- Opening Delimiter -

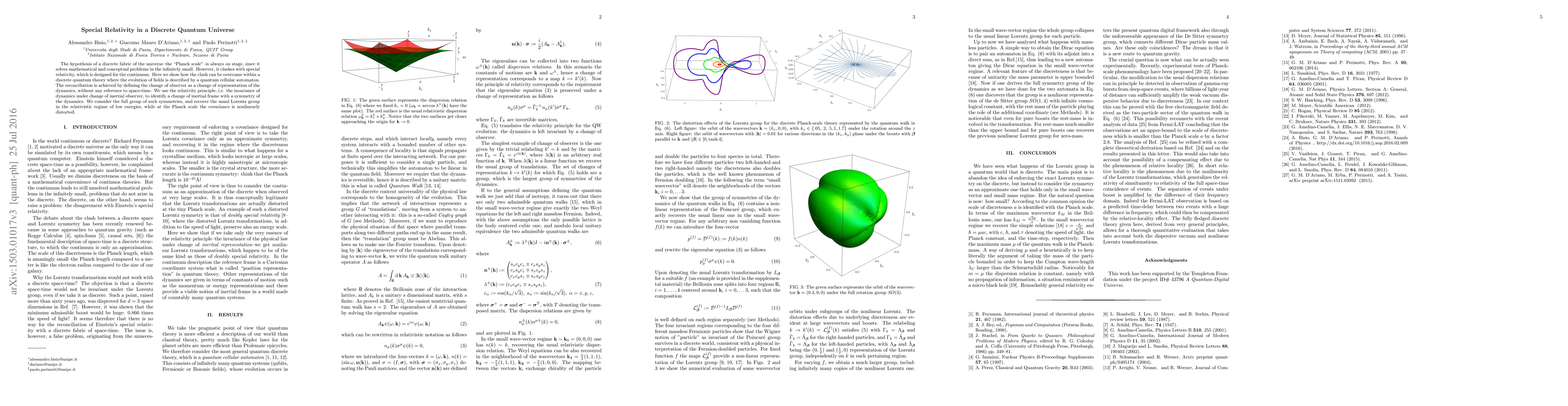 The hypothesis of a discrete fabric of the universe--the "Planck scale"--is always on stage, since it solves mathematical and conceptual problems in the infinitely small. However, it clashes with special relativity, which is designed for the continuum. Here we show how the clash can be overcome within a discrete quantum theory where the evolution of fields is described by a quantum cellular automaton. The reconciliation is achieved by defining the change of observer as a change of representation of the dynamics, without any reference to space-time. We use the relativity principle, i.e. the invariance of dynamics under change of inertial observer, to identify a change of inertial frame with a symmetry of the dynamics. We consider the full group of such symmetries, and recover the usual Lorentz group in the relativistic regime of low energies, while at the Planck scale the covariance is nonlinearly distorted.
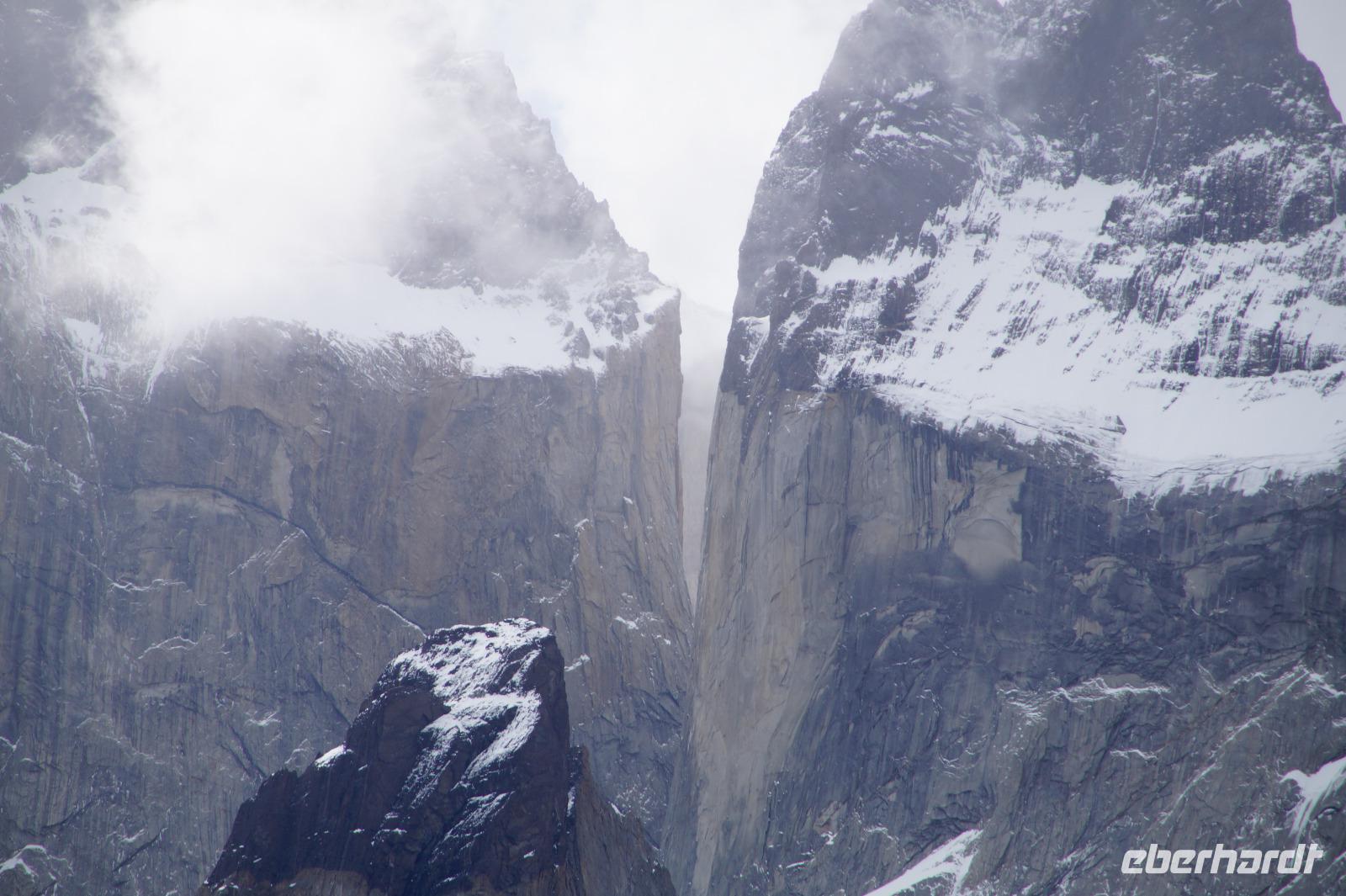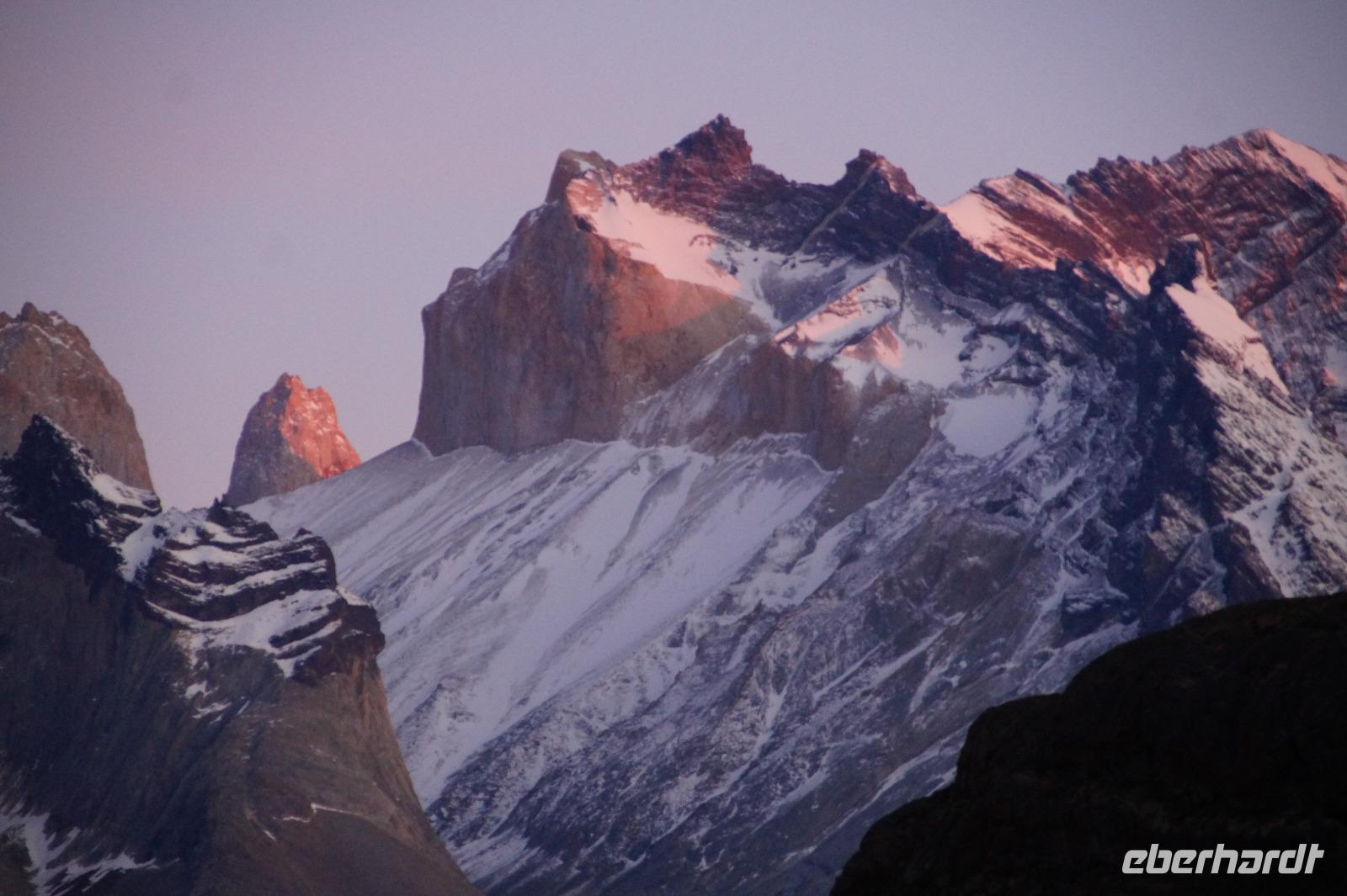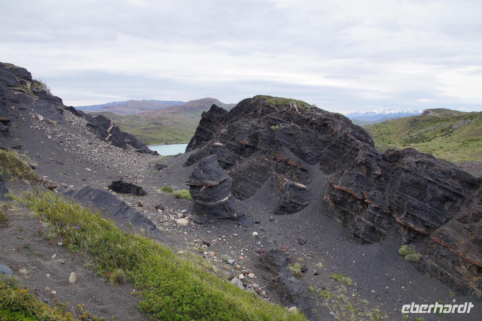 Am Salto Grande erklärten Pancho und Eric uns, dass das Torres del Paine-Massiv unabhängig von den Anden entstanden sei und das Zustandekommen seiner verschiedenen Farben. Unter dem Massiv liegt eine Magmakammer, welche die Torres del Paine nach wie vor anhebt.
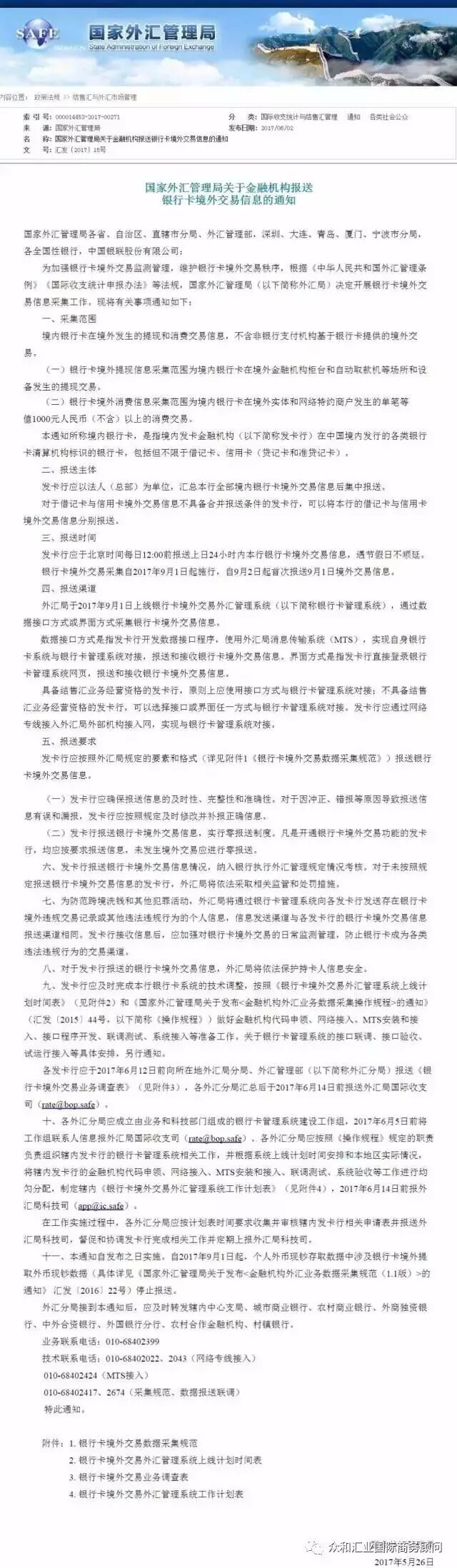根据国家外汇管理局发布的《国家外汇管理局关于金融机构报送银行卡境外交易信息的通知》,通知规定自2017年9月1日起,境内发卡金融机构向外汇局报送境内银行卡在境外发生的全部提现和单笔等值1000元人民币(不含)以上的消费交易信息。
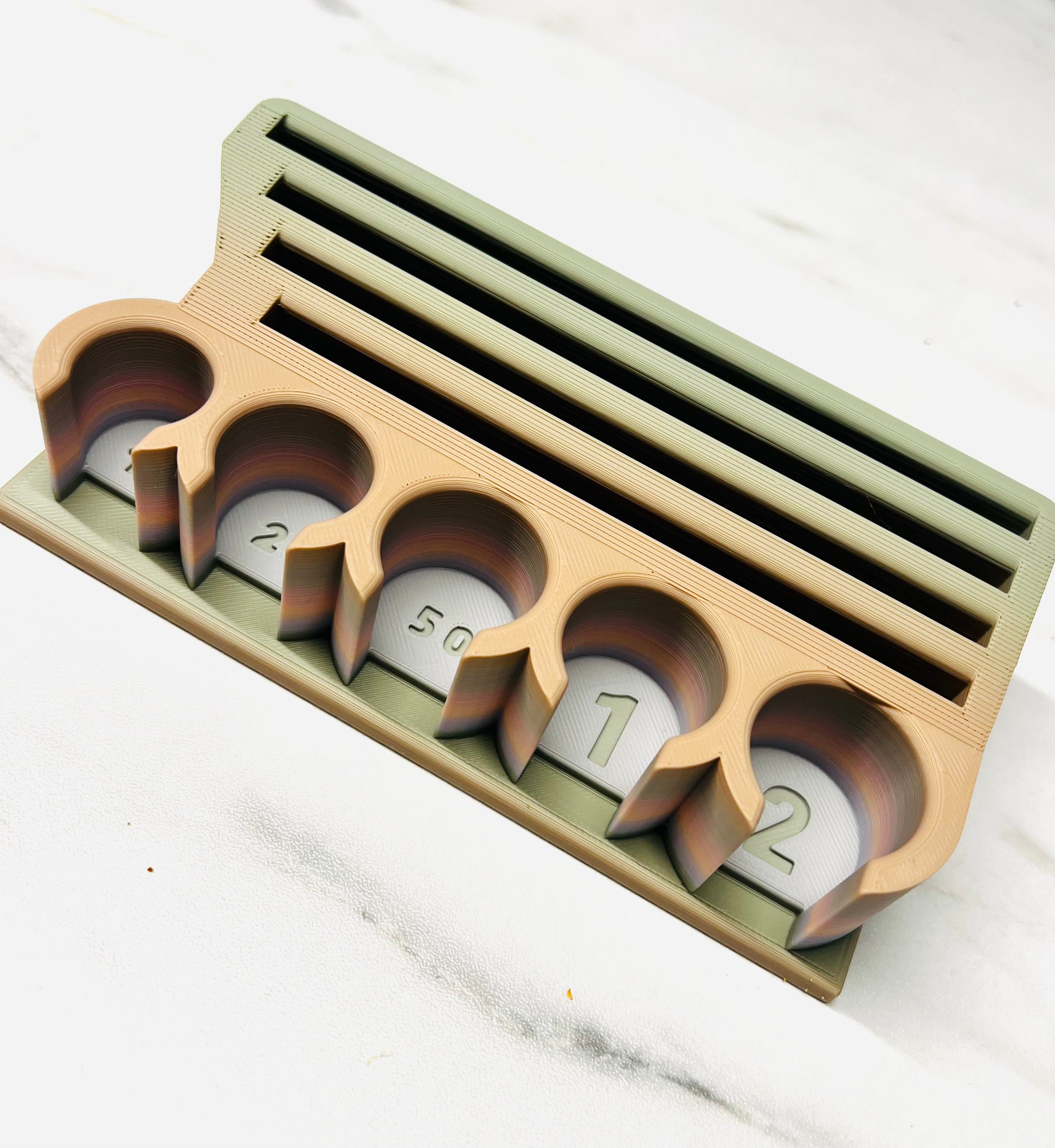Achtung wir produzieren auf Anfrage ! Einfach Farbe Wählen und wir produzieren den Ständer direkt. Geldständer aus dem 3D Drucker für Scheine (von 5-50 Euro) und Münzen ( von 2 Euro bis 10 Cent) in schimmernder Farbe ( Hellblau und Rosa mit Metallic/Glanz Effekt) . Gewicht ca 130 Gramm. Da es sich um ein 3D Drucker Produkt handelt kann es je Model zu leichten Farbschwankungen kommen. Jedes Teil ist farblich einzigartig . Solltest du andere Farben wünschen , schreib uns gern an.
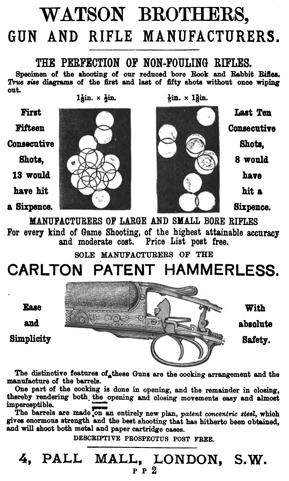 Kelly's Directory of Merchants, Manufacturers and Shippers (1897) “Gun, Rifle, and Pistol Manufacturers … Watson Brothers, 29 Old Bond street W”, page 296
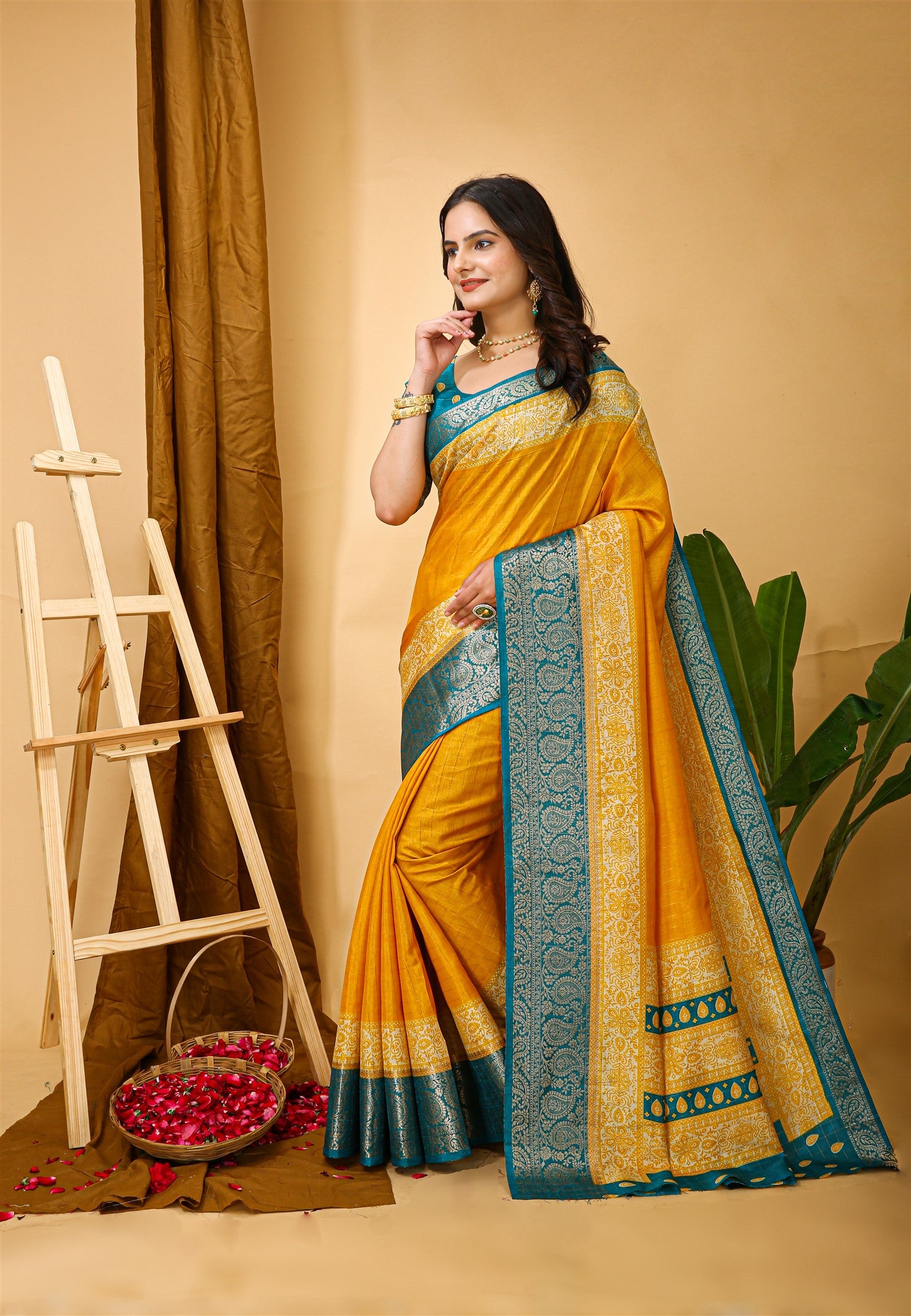 Yellow Color Cotton Silk Fabric with Kalamkari print with Kanjivaram Saree

- Closing Delimiter -

### Exercise prompt
Find "Am Salto Grande" in the entries, then reproduce that line and each line after it exactly, through the last one. Pictures do not go in.

### Response box
 Am Salto Grande erklärten Pancho und Eric uns, dass das Torres del Paine-Massiv unabhängig von den Anden entstanden sei und das Zustandekommen seiner verschiedenen Farben. Unter dem Massiv liegt eine Magmakammer, welche die Torres del Paine nach wie vor anhebt.
根据国家外汇管理局发布的《国家外汇管理局关于金融机构报送银行卡境外交易信息的通知》,通知规定自2017年9月1日起,境内发卡金融机构向外汇局报送境内银行卡在境外发生的全部提现和单笔等值1000元人民币(不含)以上的消费交易信息。
Achtung wir produzieren auf Anfrage ! Einfach Farbe Wählen und wir produzieren den Ständer direkt. Geldständer aus dem 3D Drucker für Scheine (von 5-50 Euro) und Münzen ( von 2 Euro bis 10 Cent) in schimmernder Farbe ( Hellblau und Rosa mit Metallic/Glanz Effekt) . Gewicht ca 130 Gramm. Da es sich um ein 3D Drucker Produkt handelt kann es je Model zu leichten Farbschwankungen kommen. Jedes Teil ist farblich einzigartig . Solltest du andere Farben wünschen , schreib uns gern an.
 Kelly's Directory of Merchants, Manufacturers and Shippers (1897) “Gun, Rifle, and Pistol Manufacturers … Watson Brothers, 29 Old Bond street W”, page 296
 Yellow Color Cotton Silk Fabric with Kalamkari print with Kanjivaram Saree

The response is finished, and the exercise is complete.